We studied the incidence of blindness and visual impairment in patients who were enrolled in a photographic control- and screening program for diabetic retinopathy. The study cohort consisted of 2133 patients examined between January 1990 and December 1992 and followed until October 1st 1995. The occurrence of blindness (visual acuity < or = 0.1) and moderate visual impairment (visual acuity 0.2-0.4) was assessed. The Wisconsin scale was used to grade retinopathy. The mean HbA1c value for the last 8 years was used to represent long-term glycaemic control. Average follow-up time was 2.9 years. Seven patients were blind and 24 had visual impairment caused by retinopathy at the entry of the study. Six patients went blind due to retinopathy during the study period, corresponding to an incidence of 1.0 per 1000 person-years (95% confidence interval 0.4-2.1), and 28 became visually impaired, corresponding to an incidence of 4.6 per 1000 person-years (95% confidence interval 3.0-6.6).
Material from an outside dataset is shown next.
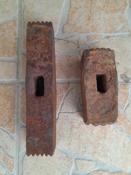 Prodajem dva nazubljena čekića,veći i manji,stanje kao na slici,bez drške,u kompletu za 15 eura,šaljem pouzećem na račun kupca

Multivariate analysis showed a statistically significant association between blindness/visual impairment and old age, long duration of diabetes, and poor glycaemic control. HbA1c values in the highest quartile, i.e. > or = 8.5%, were associated with a 65% increase in risk of blindness/visual impairment (95% confidence interval 14-130%). Retinopathy was the major cause of blindness and visual impairment in patients with diabetes. The study revealed a low incidence of blindness, which is in line with recent reports. Control of hyperglycaemia may be of value for the prevention of visual loss.

PMID:
9017036
[Indexed for MEDLINE]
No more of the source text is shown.